* Task instructions *
Using the data that follows, output only the lines from the line with "Zumba, фитнес-клуб по" up to and including the line with "양파를 넣고 볶아줍니다.", exactly, leaving pictures aside.

Material shown Block Start

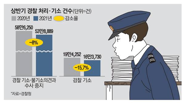 통계도 수사 지연을 간접적으로 보여준다. 대검에 따르면, 올해 상반기 경찰이 기소 혹은 불기소 의견으로 검찰에 송치하거나 수사중지를 통보한 사건은 53만8889건으로, 전년 동기(58만6250건)보다 8% 줄었다. 최종 기소건도 대폭 감소했다. 검찰은 올해 상반기 송치건 중 16만3730건을 기소해 전년(19만4252건)보다 15.7%나 줄었다. 전직 고검장 출신 변호사는 "기소건수가 15% 넘게 하락한다는 것은 사건 처리 속도가 늦어지고 있다고 보는 게 맞는다"고 했다.
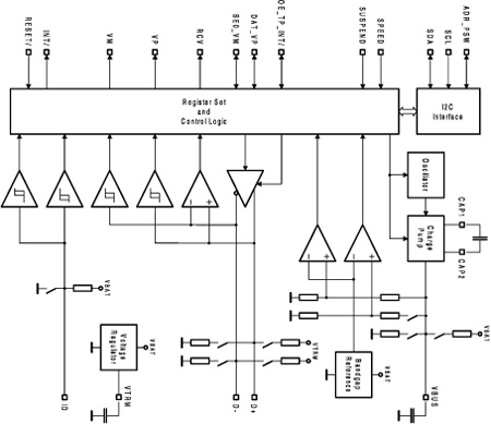 The transceiver is capable of operation in several different modes. It can operate in basic USB-OTG mode, as an UART transceiver or in audio mode. Behavior of the transceiver is fully configurable through the two-wire I²C serial bus. The transceiver supports session request protocol and host negotiation protocol
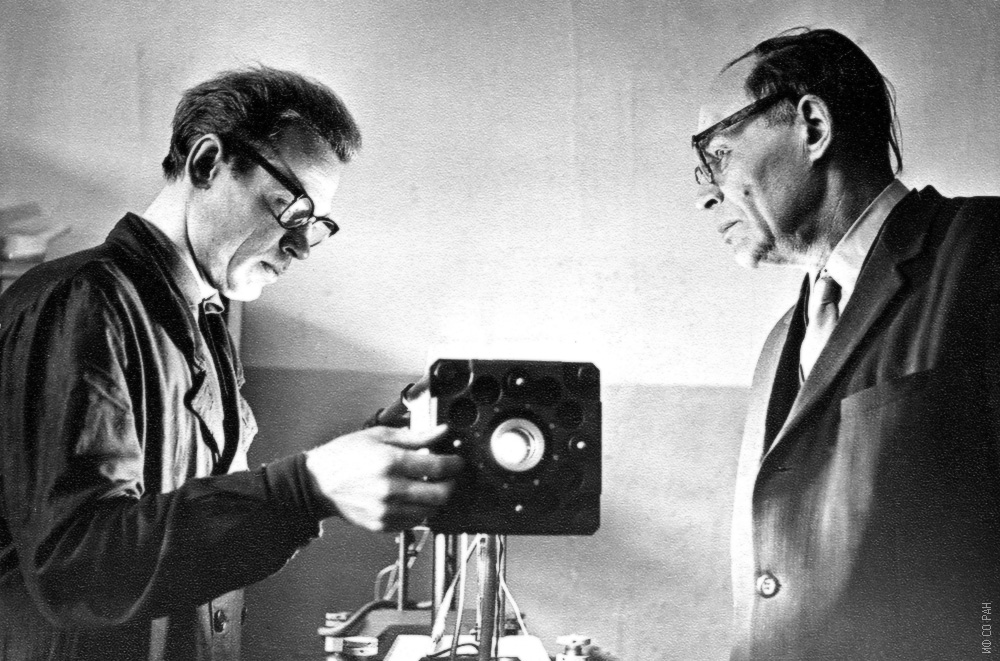 1973 год. Учитель и ученик. А.В. Коршунов, заведующий лабораторией молекулярной спектроскопии Института физики им. Л.В. Киренского СО РАН (справа), и аспирант Спиридонов В. П. у созданного в лаборатории мощного лазера, необходимого для получения спектров комбинационного рассеяния света молекулярных кристаллов.
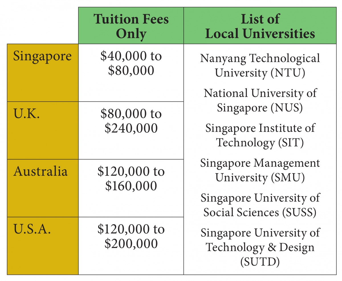 With 6 local universities providing courses in different fields, there is little need to venture overseas to get a tertiary education. The difference might just be an experiential one. Moreover, an overseas tertiary education cost several times more than a local university. With the internet, distance learning and twinning programmes have seen increasing popularity. Students need not travel so far to another country, spending extra money on lodging and food. Having an overseas degree also does not mean a higher starting salary. In fact, it takes longer to breakeven on education costs. Even though this is the case, there is a well-known saying that it is not what you know but who you know. Studying in prestigious schools may connect you personally to people in high places if you network diligently. Social media like LinkedIn are trying to replicate that but nothing beats a face-to-face communication. The table shows the approximate difference between local universities and overseas universities. Note that specialised courses like medicine and tuition fees of elite schools cost much more.
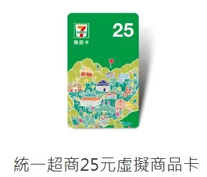 統一超商25元虛擬商品卡x5張
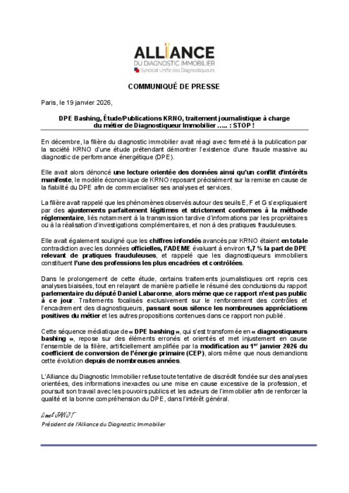 Cette séquence médiatique de "DPE bashing", qui s’est transformée en "diagnostiqueurs bashing", repose sur des éléments erronés et orientés et met injustement en cause l’ensemble de la filière, artificiellement amplifiée par la modification au 1er janvier 2026 du coefficient de conversion de l’énergie primaire (CEP), alors même que nous demandions cette évolution depuis de nombreuses années.
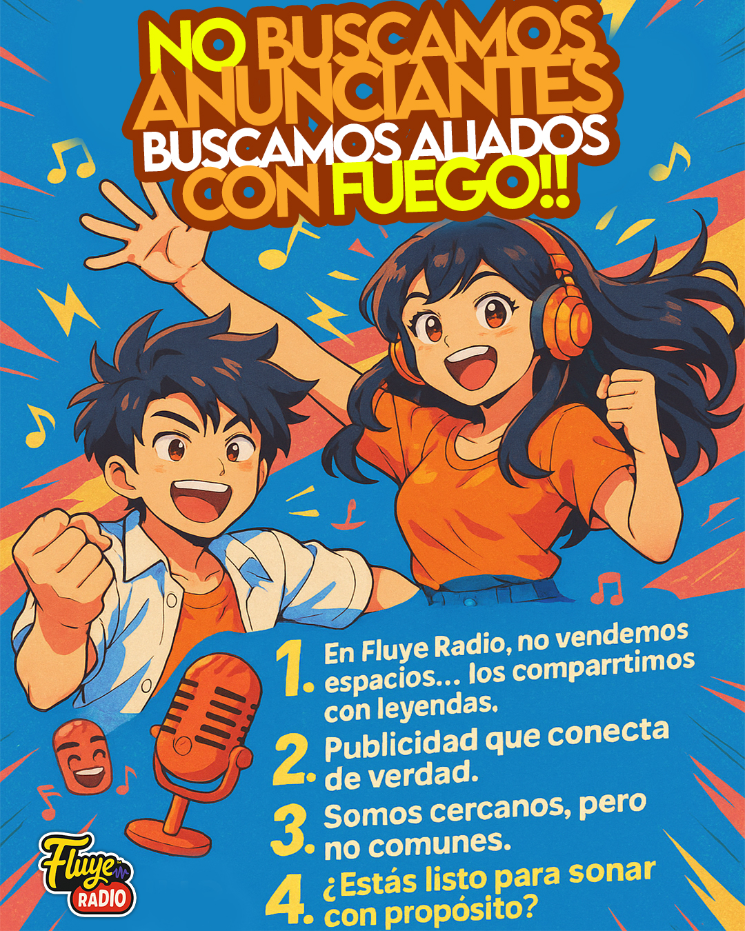 FluyeStudio es la agencia interna de FluyeRadio, creada para potenciar marcas, artistas y proyectos con propósito real. Aquí no vendemos espacios: creamos ecos que resuenan con alma y autenticidad.
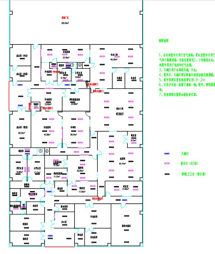 6.采光、照明设计:各生产车间全部以日光灯照明并加装防护灯罩。
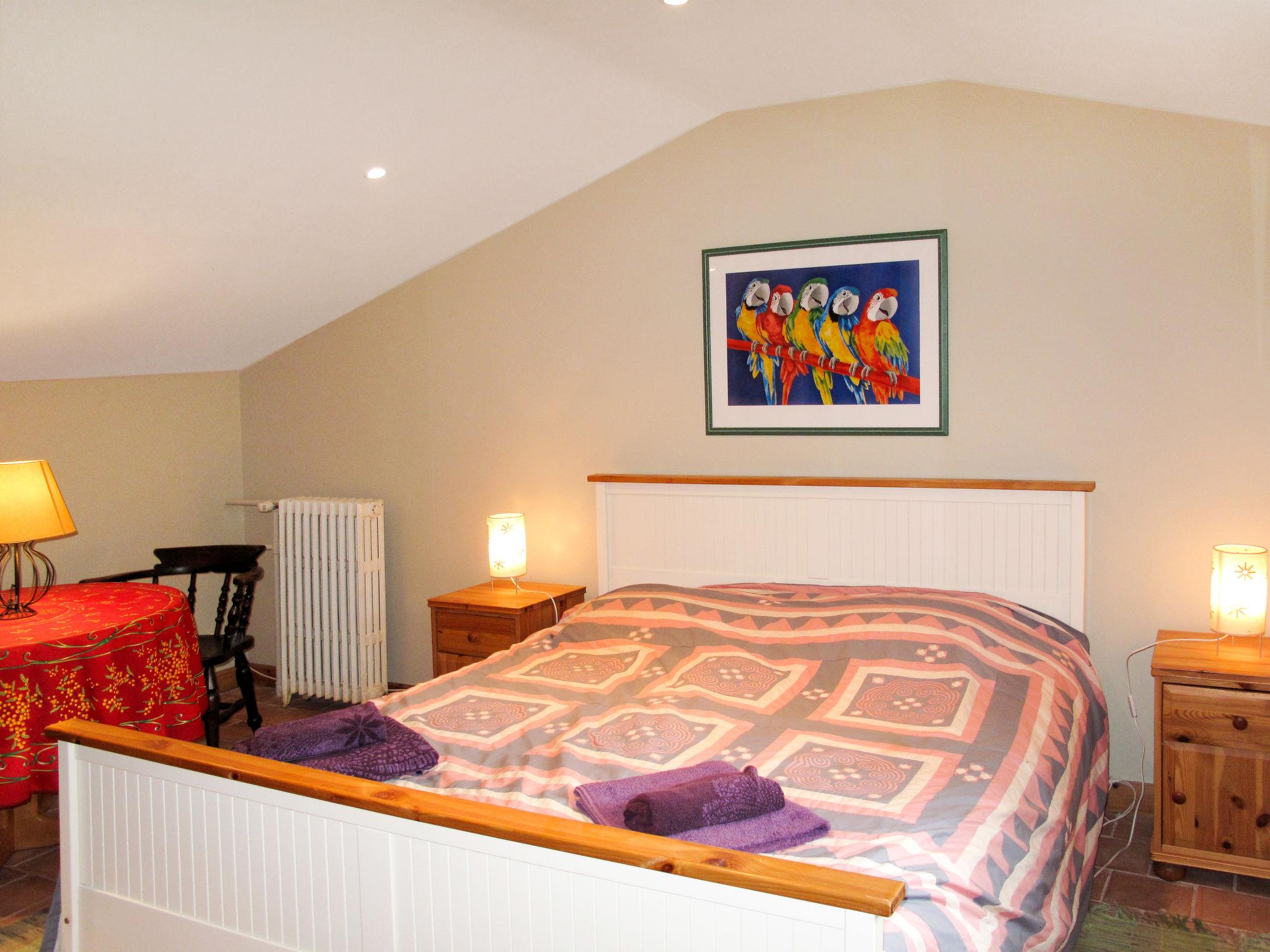 "Mas des Lavandes", 8-room house 200 m2 on 2 levels. Tasteful and cosy furnishings: living room with open-hearth fireplace (only for decoration), dining table, satellite TV, DVD and air conditioning. Exit to the terrace. Open small living room. Exit to the terrace. Small living room. Exit to the terrace. 2 rooms, each room with 1 double bed (160 cm), bath/WC. Exit to the terrace. Gallery with sloping ceilings with 1 double bed (160 cm), shower and air conditioning. Kitchen (oven, dishwasher, 4 ceramic glass hob hotplates, toaster, kettle, microwave, freezer, electric coffee machine) with air conditioning. Sep. WC. Upper floor: 2 rooms, each room with 1 double bed (160 cm), shower/WC and air conditioning. Electric heating, gas heating. Terrace 50 m2, porch 10 m2. Terrace furniture. View of the garden. Facilities: washing machine, iron, children's high chair, baby cot for up to 2 year olds (extra). Internet (WiFi, free). Please note: maximum 1 pet/ dog allowed. Smoke alarm. When there are less than the maximum number of guests staying at the property, not all of the bedrooms will be available for use. Instead of an enclosed bedroom, some sleeping areas are located in an open-plan area (gallery, alcove, etc.).
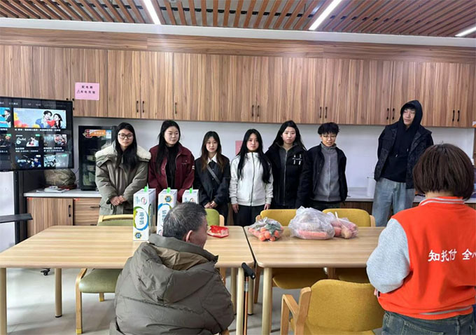 在活动初期,实践团成员首先为养老中心的老人们送去了生活用品,包括蔬菜、水果、牛奶等日常必需品,旨在提升老人们的生活质量。团队成员和老人们互动,温馨的场面让每一位在场的人都感受到了浓浓的爱心。
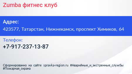 Zumba, фитнес-клуб по адресу 423577, Татарстан, Нижнекамск, проспект Химиков, 64 в дальнейшем Организация, размещена в следующих категориях:
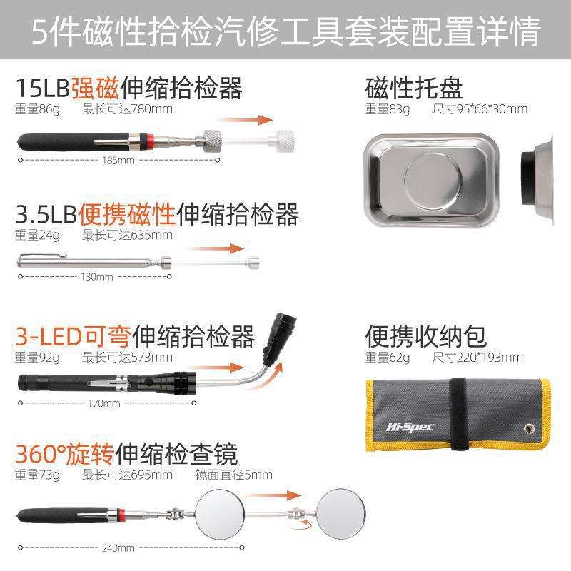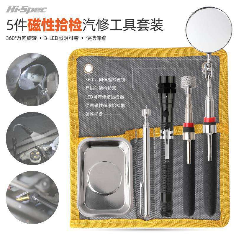ชุดเครื่องมือแม่เหล็กซิเม็ง 5 ชิ้น ชุดซ่อมรถยนต์สแตนเลส พร้อมกล่องเก็บแบบนุ่มและก้านต่อขยาย
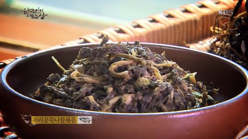 ‘자리공묵나물볶음’은 말린 자리공 잎사귀를 삶은 뒤에 물기를 짜고 냄비에 넣고 간장, 들기름, 들깨가루, 버섯가루, 다진마늘 등을 넣고 무쳐서 양파를 넣고 볶아줍니다.
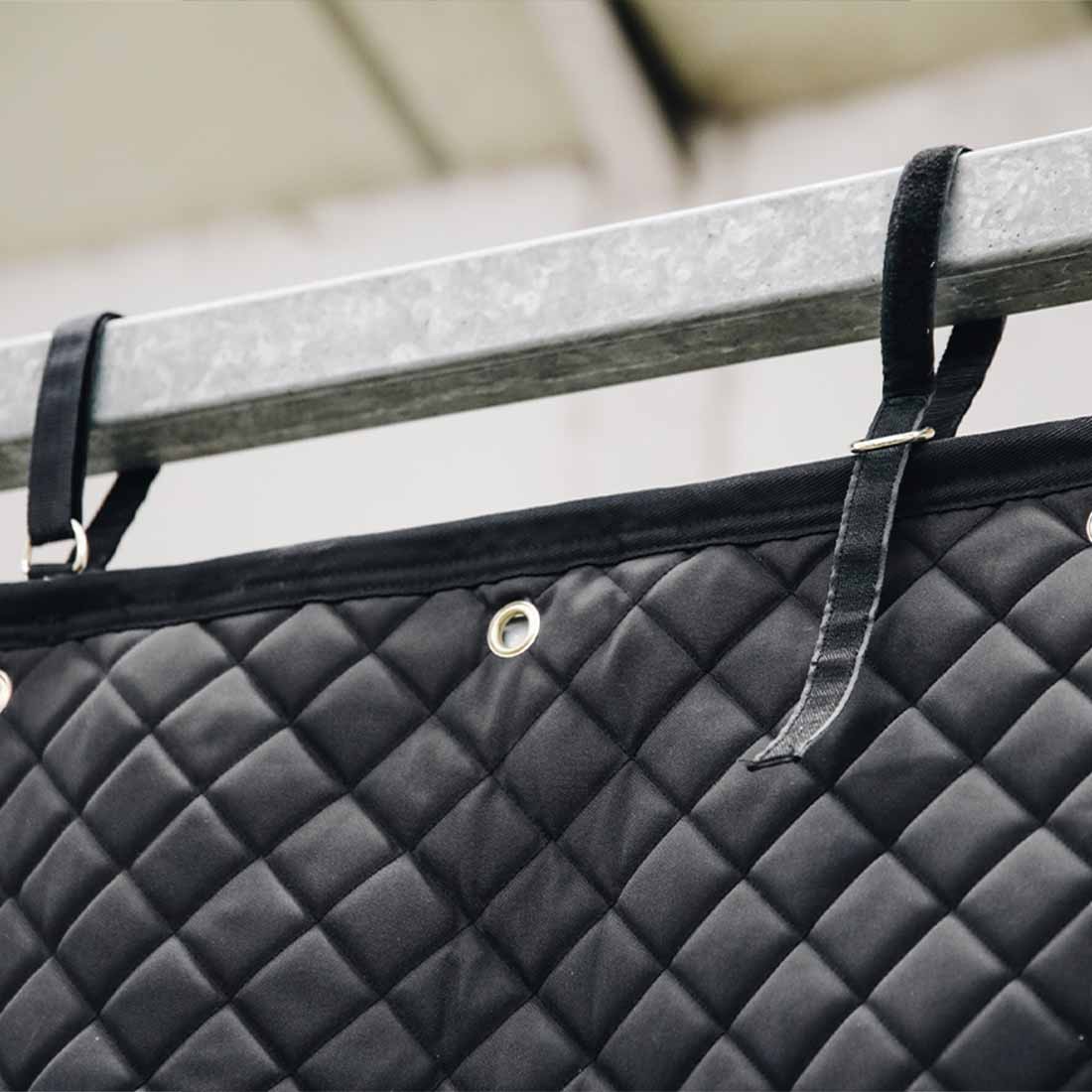 Zwarte, hoogwaardige boxgordijn van Kentucky, waterdicht, verbetert het welzijn van het paard door welverdiende rust in de box te bieden. Het boxgordijn, uitgerust met 5 verborgen karabijnhaken voor het ophangen van apparatuur en accessoires, wordt eenvoudig aan de boxwand gehangen met behulp van 5 geïntegreerde, versterkte ophangringen. Het luxueus doorgestikte patroon, samen met de subtiele details in imitatieleer, geeft ook een echt exclusief gevoel.
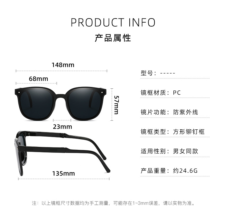 새로운 2 세대 접는 선글라스 여성의 TAC 편광 선글라스 실리콘 코 패어 항 UV Ins 눈
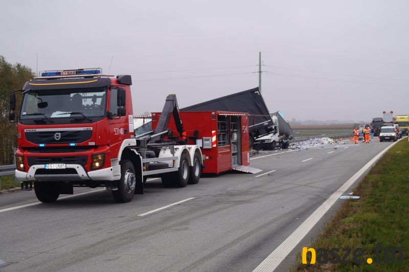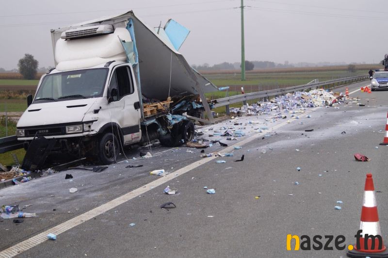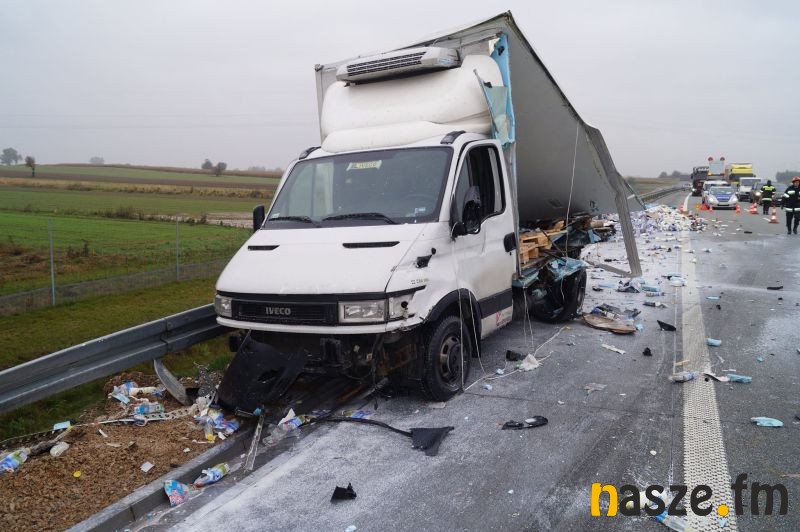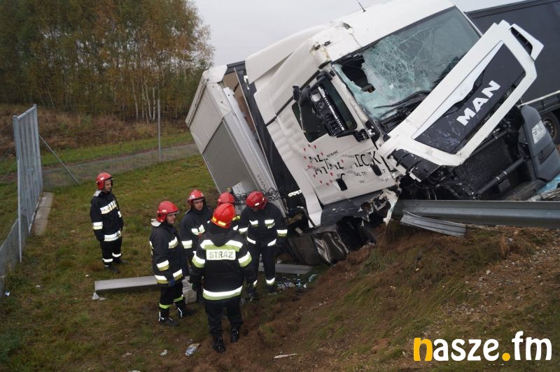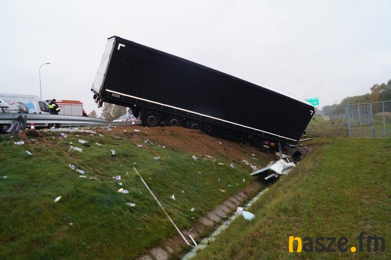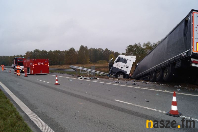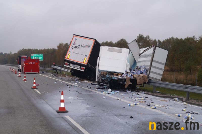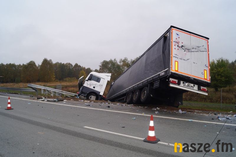 Do zdarzenia doszło po tym jak 37-letni kierowca tira marki Man z Sieradza zjechał na prawą stronę jezdni i uderzył w stojącego na pasie awaryjnym busa marki Iveco, którym kierował 43-letni mieszkaniec Łodzi. W wyniku zderzenia pojazdów łodzianin został ranny; przewieziono go do szpitala w Sieradzu. Z powodu wypadku ruch na ekspresówce dla jadących na Wrocław jest zablokowany. Policja kieruje na węźle Sieradz Wschód na drogę wojewódzką nr 482. Kierowca ciężarówki, który spowodował poranny wypadek był trzeźwy. W przypadku rannego kierowcy busa wynik badania nie jest jeszcze znany.
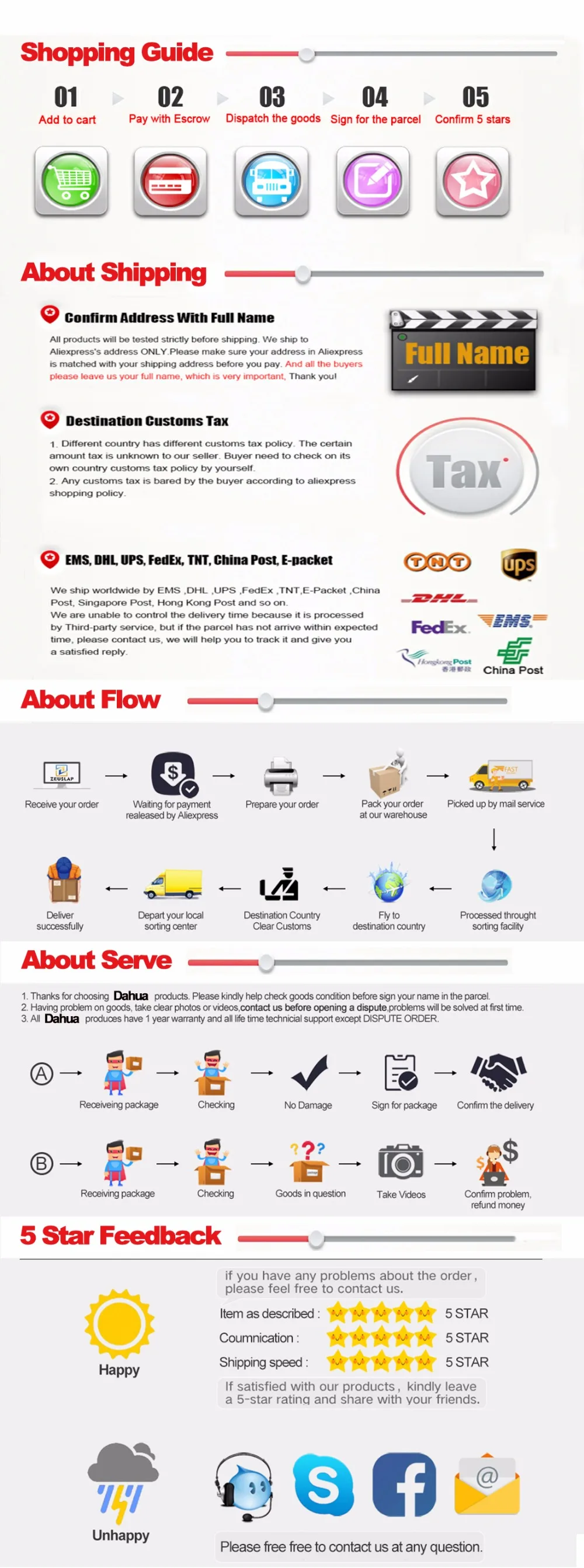 About products: 1.You get what you pay for.We will try to provide more high quality goods to the buyer. 2.All products are the real description in our shop. Please read product descriptions carefully. 3.If you have any questions about the product.Please leave a message to us. About payment: 1.Support the credit card(RMB and Dollar) WebMoney(WM),TT,West Union , Qiwi wallet, Boleto(Brazil), SOFORT Banking , Alipay , etc. About shipment: 1. We will send the order within 3 days when we get your payment. (Except holiday) 2. WORLDWIDE SHIPPING. (Except some Special countries and APO/FPO) 3. SERVICE TRANSIT TIME is provided by the carrier and excludes weekends and holidays. Transit times may vary, particularly during the holiday season. 4.The delivery time on all international shipments can't be guaranted by us, due to differences in customs clearing times in individual countries, which may affect the effectiveness of your receptions. Please note that all additional customs fees, brokerage, fees, duties, and taxes for importation into your country will be in your charge. These additional fees may be collected at time of delivery. We will not refund shipping charges for refused shipments. Warranty & Maintenance: Feedback: Your satisfaction and positive feedback is the great support to us. If you are satisfied with our items and services, Please don't hesitate to leave your positive feedback and 5 stars. Important Remark: If you have any problems with our items or services, please feel free to contact us first before you leave negative feedback.
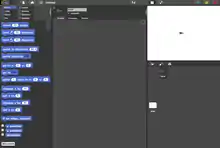 Спрайты, которые будут участвовать в сценарии, создаются с помощью встроенного простого графического редактора или выбираются двойным щелчком мыши из уже существующих в каталоге. Отдельные блоки можно перетаскивать из палитры на область сценариев, которая будет ассоциироваться с выбранным спрайтом.

Material shown Block End

* Exercise output *
 Zumba, фитнес-клуб по адресу 423577, Татарстан, Нижнекамск, проспект Химиков, 64 в дальнейшем Организация, размещена в следующих категориях:
ชุดเครื่องมือแม่เหล็กซิเม็ง 5 ชิ้น ชุดซ่อมรถยนต์สแตนเลส พร้อมกล่องเก็บแบบนุ่มและก้านต่อขยาย
 ‘자리공묵나물볶음’은 말린 자리공 잎사귀를 삶은 뒤에 물기를 짜고 냄비에 넣고 간장, 들기름, 들깨가루, 버섯가루, 다진마늘 등을 넣고 무쳐서 양파를 넣고 볶아줍니다.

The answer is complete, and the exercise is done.